>>>>>
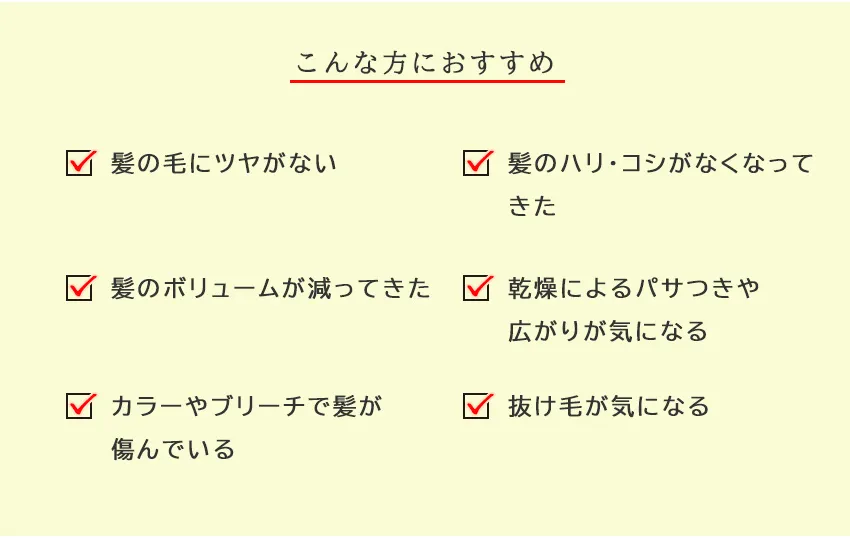 頭皮や髪を健やかな状態に導くことで薄毛や抜け毛の原因となるヘアサイクルの乱れを正常化。健康な髪を育てます。
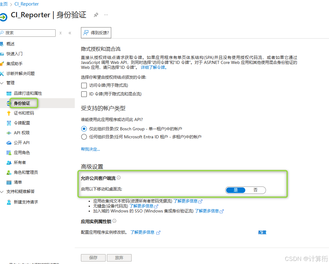 获取token时需要先在刚注册的APP中,打开 允许公共客户端流 ,如下图所示:
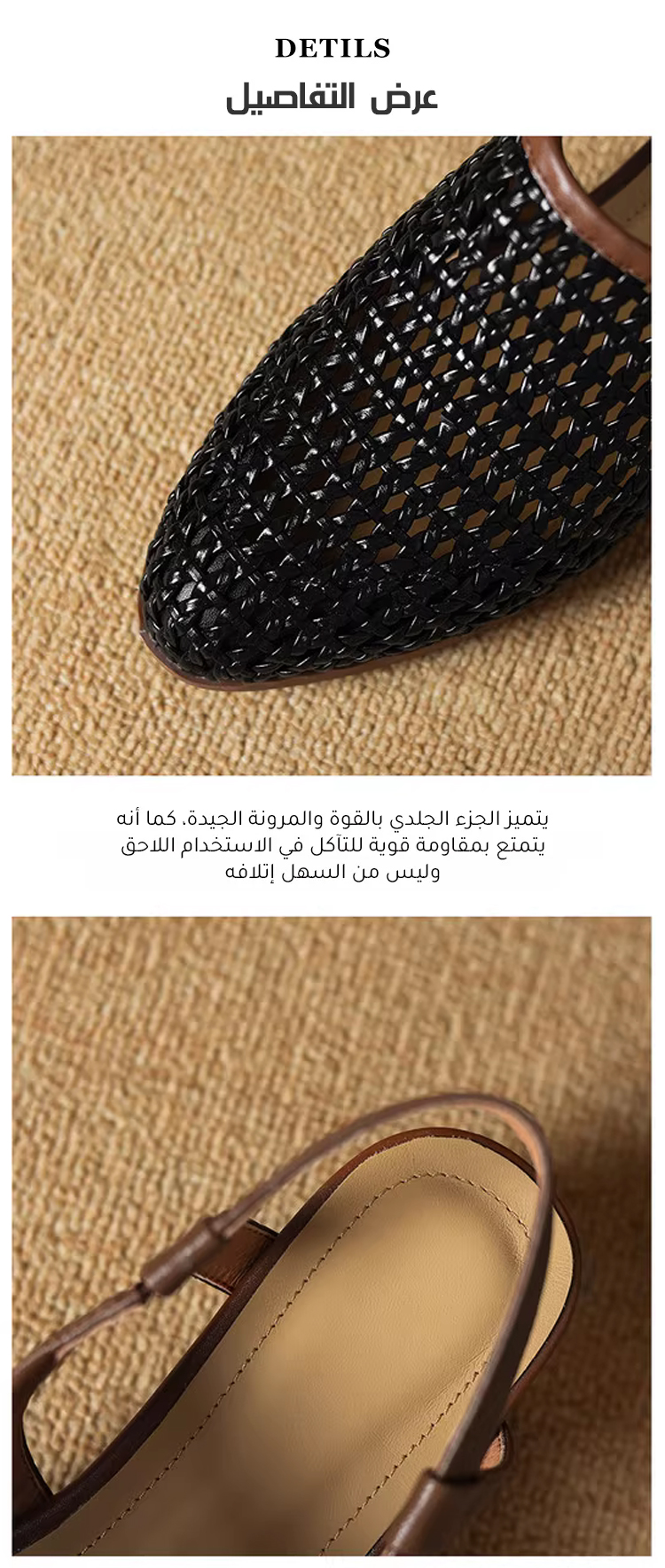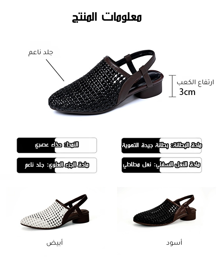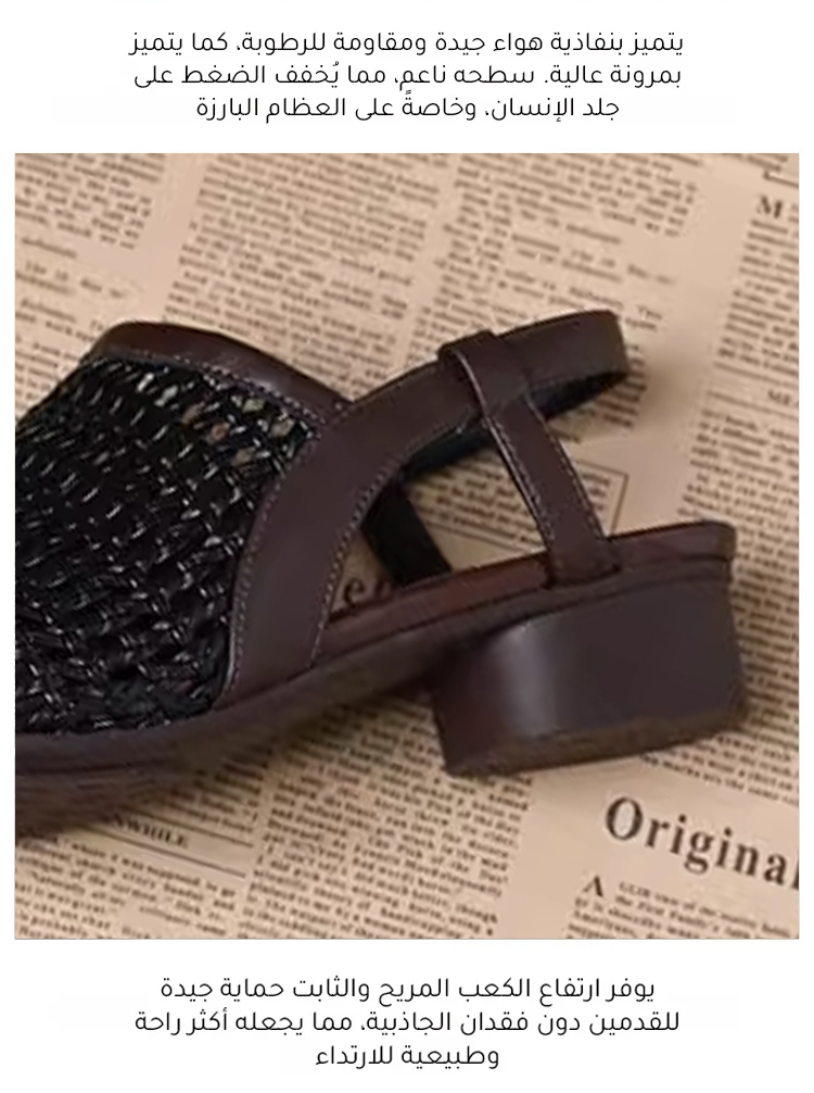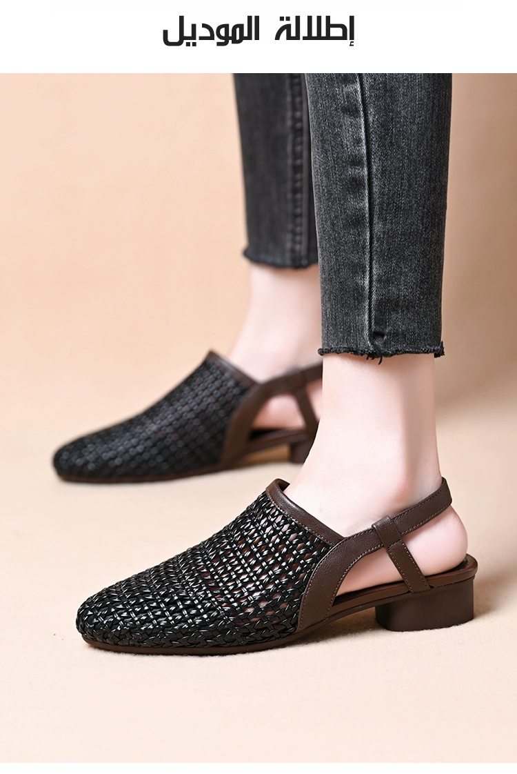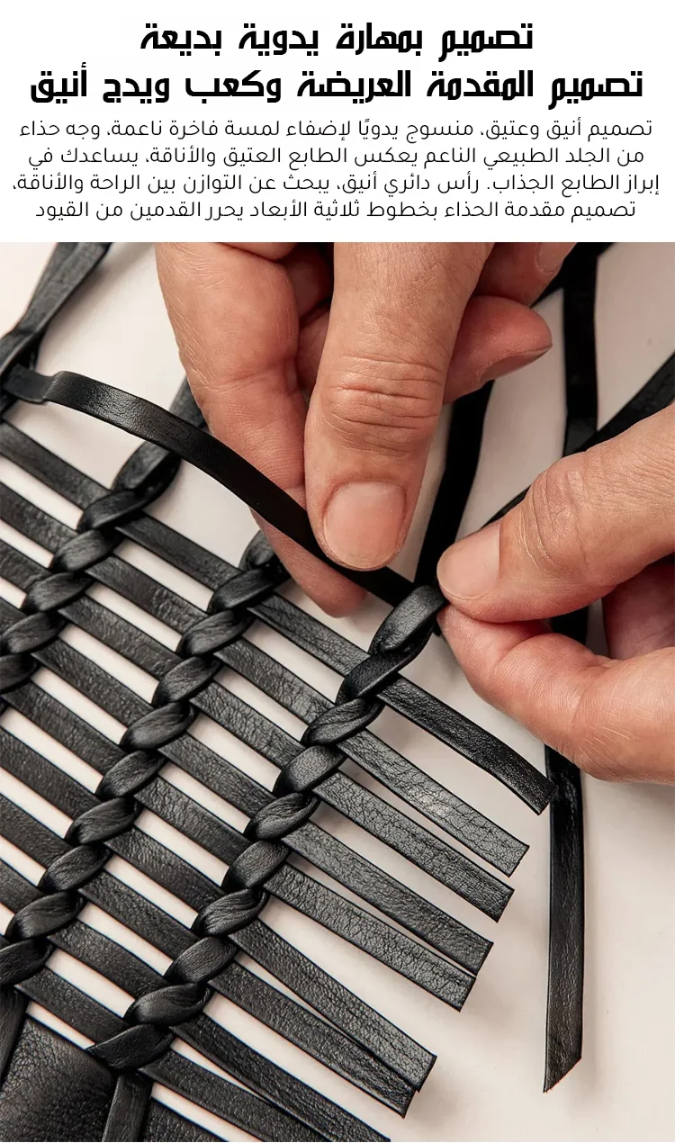 ● مصنوع من جلد ناعم مجدول بشكل متقن، يتكيف بخفة مع انحناءات القدم. مرونته وقدرته على التهوية المتميزة تمنعك من الشعور بالحرارة حتى في درجات الحرارة العالية، مما يضمن راحتك طوال اليوم.
<<<<<
Task prompt —
The reply should contain every line of the material exactly, and no images.

Task answer —
 頭皮や髪を健やかな状態に導くことで薄毛や抜け毛の原因となるヘアサイクルの乱れを正常化。健康な髪を育てます。
 获取token时需要先在刚注册的APP中,打开 允许公共客户端流 ,如下图所示:
 ● مصنوع من جلد ناعم مجدول بشكل متقن، يتكيف بخفة مع انحناءات القدم. مرونته وقدرته على التهوية المتميزة تمنعك من الشعور بالحرارة حتى في درجات الحرارة العالية، مما يضمن راحتك طوال اليوم.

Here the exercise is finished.